We decide to show the PageRank accuracies because we do not necessarily care about showing the highest AUC scores. PageRank makes intuitive sense for predictions fans could make – e.g. one would think “My team will play team A and I think it will win, because team A lost to team B and my team already won against team B”. The naive predictor – “the team who has won most so far will win” – is too simple, while the Bayesian updates in the Elo system are too complex.

All predictors agree that handball is the most predictable discipline and volleyball is the second most predictable. They also all agree that the most unpredictable discipline is baseball, followed by ice hockey.
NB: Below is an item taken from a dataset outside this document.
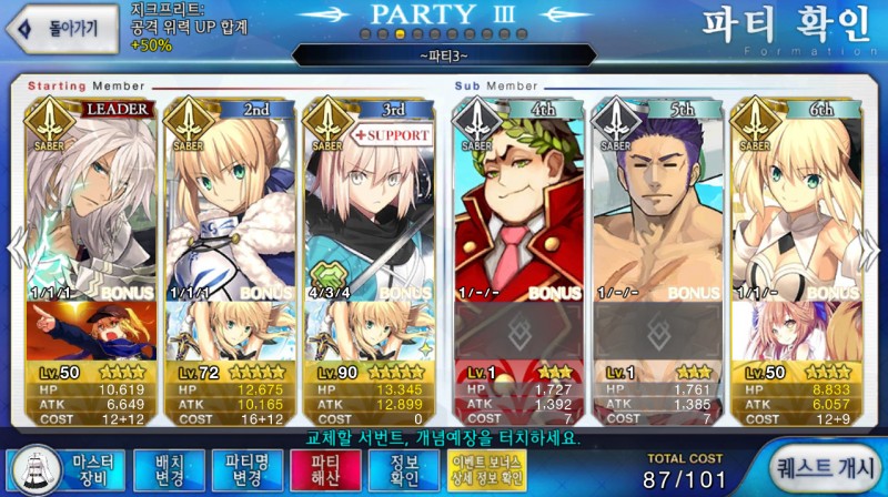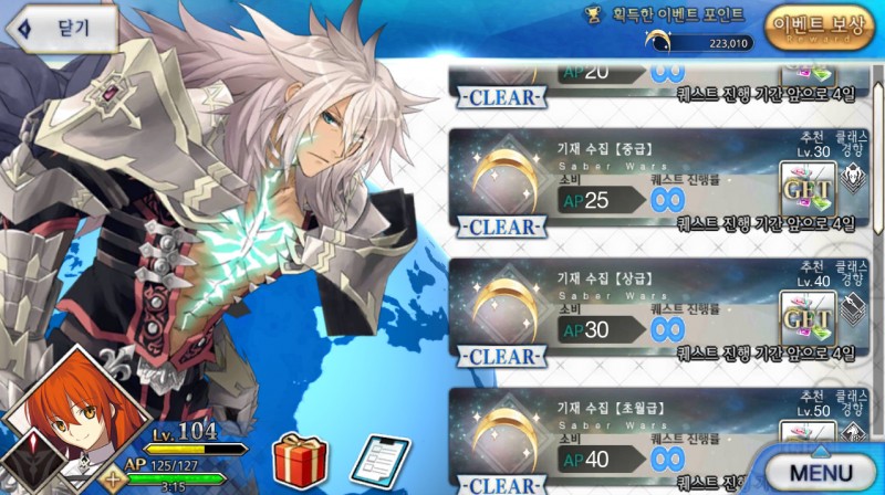Hopedope 세이버 워즈 소소한 팁 작성일시 : 2018. 03. 16 (15:57) 조회 : 1,750 / 댓글 : 1 이번에 진행하고 있는 페그오 이벤트인 세이버 워즈에서 자신의 덱이 좋지 않은 분들에게 추천 드리는 곳... 스테이지는 중급에서 도시는 것을 추천 드리고 하루에 한번씩 열리는 챌린지는 무조건 도전을 하시어 포인트 획득에 투자를 하시길 바랍니다 참고로 위의 덱은 제 덱으로써,,, 어느 정도 세이버가 있다싶다면 상급에서 주구장창 도시길 바라겠습니다 ㅎㅎ 저도 그렇게 높지 않아서 친구 찬스 사용중입니다 ! 4추천 글쓰기스크랩 신고

When it comes to home advantage, the discipline experiencing this effect the strongest is by far rugby, with around 70% chance of a home team winning a game against an equally strong team. The second sport for all predictors, soccer, has only a 65% home win chance in the same scenario. Baseball has by far the weakest home advantage – almost no advantage at all with 51% chance of winning for a home side against an equally skilled opponent.

Note that home field advantage is more sophisticated than simply calculating the ratio of home wins in the data. That is because many games are played in playoffs where better performing teams will play more home than away games as a reward for performing well during the regular season. For instance, only 66% of games in rugby were won by the home team but our estimation of rugby’s home field advantage is 70%.
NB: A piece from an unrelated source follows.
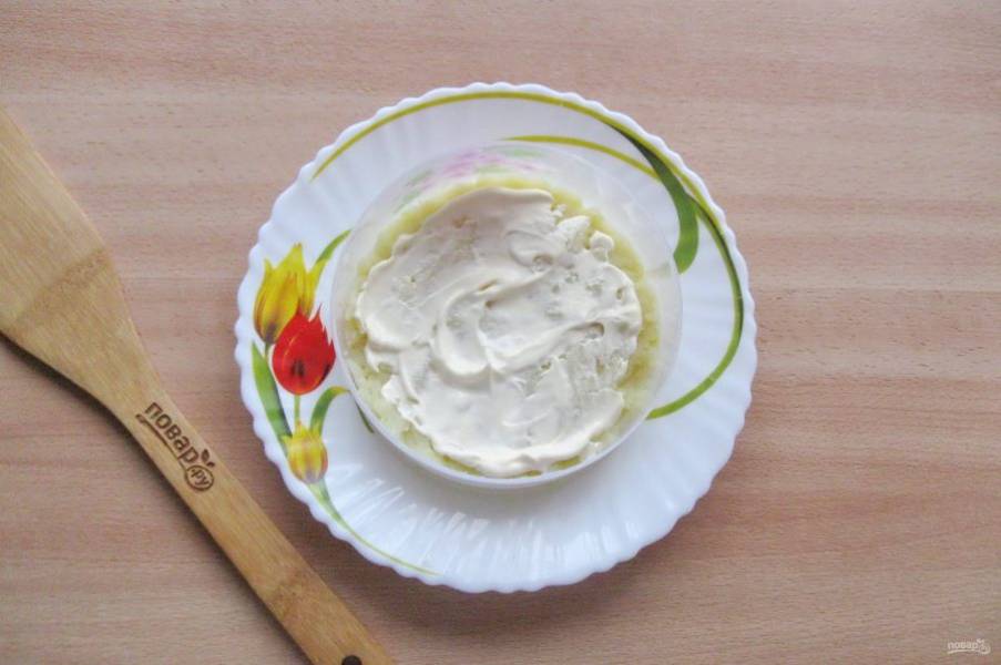 Смажьте майонезом.
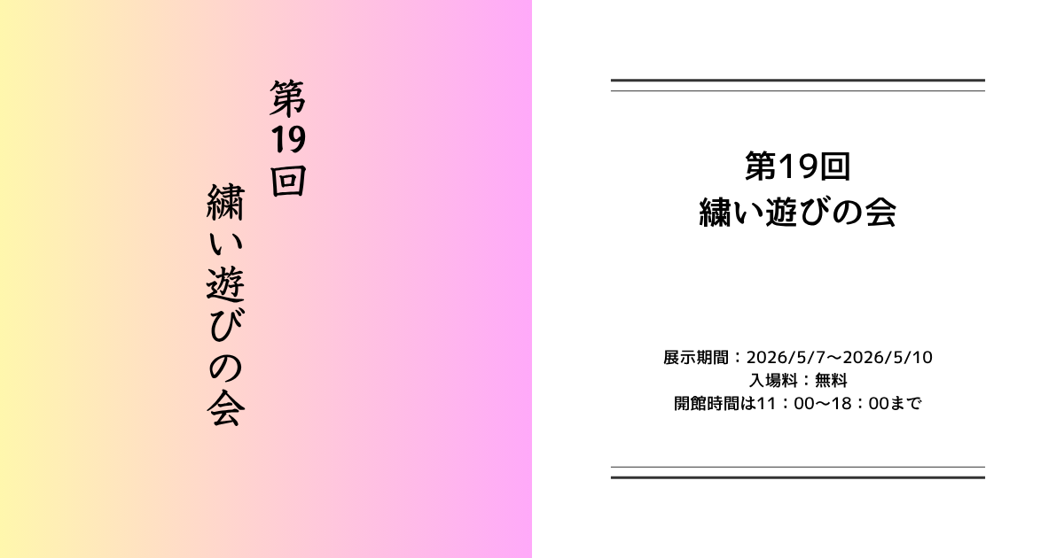 第19回 繡い遊びの会 2026 4/22 展示期間:2026/05/7~2026/05/10入場料:無料開館時間:11:00~18:00 本イベントについてのお問い合わせは以下までお願いします。 主催:ホームページ: 展示予定

3.1.3 Predictability & home advantage by league

Table 3 shows the predictability and home advantage for each league independently – across time. In general, the table contextualizes some of the previous results. All baseball leagues in our data are the least predictable ones and they also have the weakest home advantage effect. On the other hand, handball’s high predictability is driven by the Spanish and German leagues, which are extremely predictable.

Table 3 (a) The five most and least predictable leagues, across all considered disciplines and seasons. (b) The five leagues with the strongest and weakest home advantage effect

Full size table

The French rugby league is an outlier when it comes to home advantage, giving almost 80% chance of a home win for a team facing an equally ranked team. This confirms previous results in the literature about home advantage, which found the same outlier [51]. The reason is likely a combination of two factors. First: the physically demanding nature of the sport requires large rosters including more than two full teams – it is rare for a player to play more than a couple matches in a row before resting. Second: French teams find it important not to disfigure in front of their home crowd. The result is that, effectively, French rugby teams will field their best squad home and their second best squad away, effectively boosting the home advantage effect.
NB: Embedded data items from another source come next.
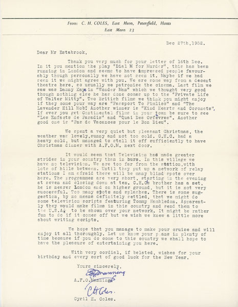 First U. S. edition. Cloth sunned on the spine with page edges evenly tanned else fine in dust jacket with light wear to the extremities. Included is a typed letter and envelope addressed to H.A. Estabrook Esq. and signed by the authors of the book, Adelaide Frances Oke Manning and Cyril Henry Coles. Tommy Hambledon, a British secret agent, investigates a case that includes stolen jewels, secret airplane plans, gangsters, and international assassins. A Crime Club mystery.
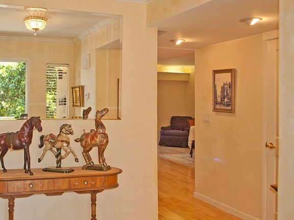 Follow the stone walk past the fragrant orange tree to the front door of this completely remodeled unit. Formal entry with polished marble floor leads past the elegant powder room with marble wainscoting & floors into the spacious entertaining area. The living room has a wood burning fireplace w/custom tile surround, hardwood floors & recessed lighting. A glass slider leads out to the patio w/ a view of green space. Large dining area w/ custom built-ins. Stylish kitchen features black granite countertops and backsplash along with butcher block counters, all Stainless appliances: LG bottom freezer refrigerator w/ ice & water dispenser, GE Profile 5 burner electric range w/ 2 ovens, Samsung microwave/convection, Thermador dishwasher, walk-in pantry, under cabinet lighting & halogen spot light fixtures. Cathedral ceiling in master w/ balcony overlooking green space, travertine & Toto dual flush in bath, walk in closet. Skylights in upstairs bathrooms, views from every room. Extra storage.
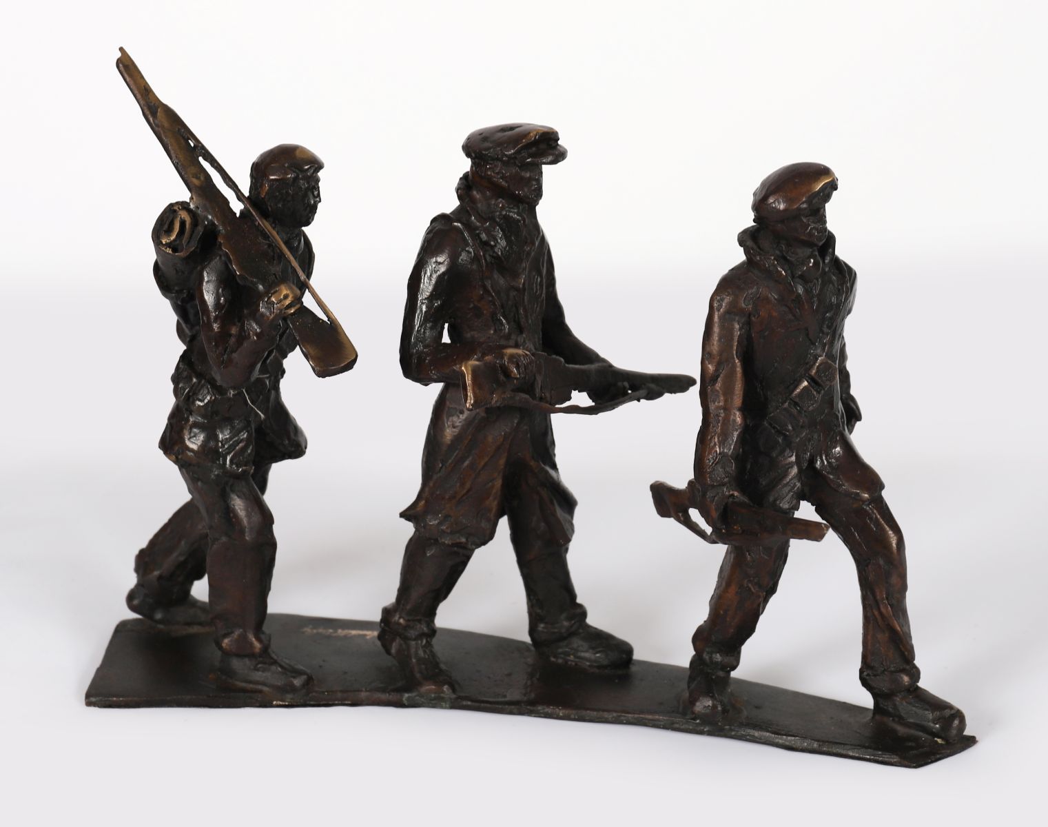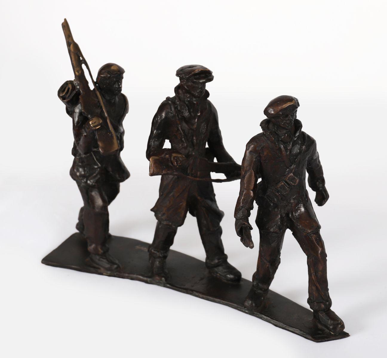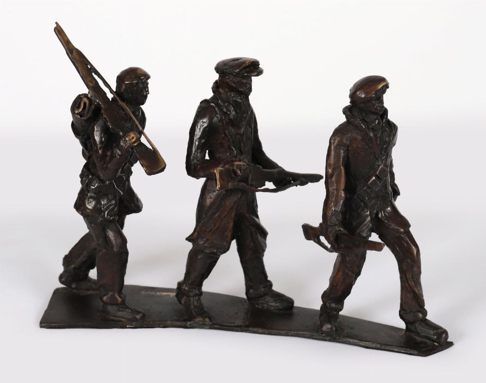 A bronze group sculpture by Jarlath Daly titled The Flying Column, depicting four armed Irish Republican fighters advancing in formation. Richly detailed and dynamically modelled. Signed by the artist.

3.1.4 Predictability & home advantage by season

We now take a look at predictability and home advantage effect over time across all disciplines and leagues. The idea behind this analysis is to see if there is some common evolution in sport that transcends disciplines. Figure 5 shows the result. We limit ourselves to the 2006-2022 period, because that is the period when we have the most leagues available (more than 30 out of 49 total for each single year).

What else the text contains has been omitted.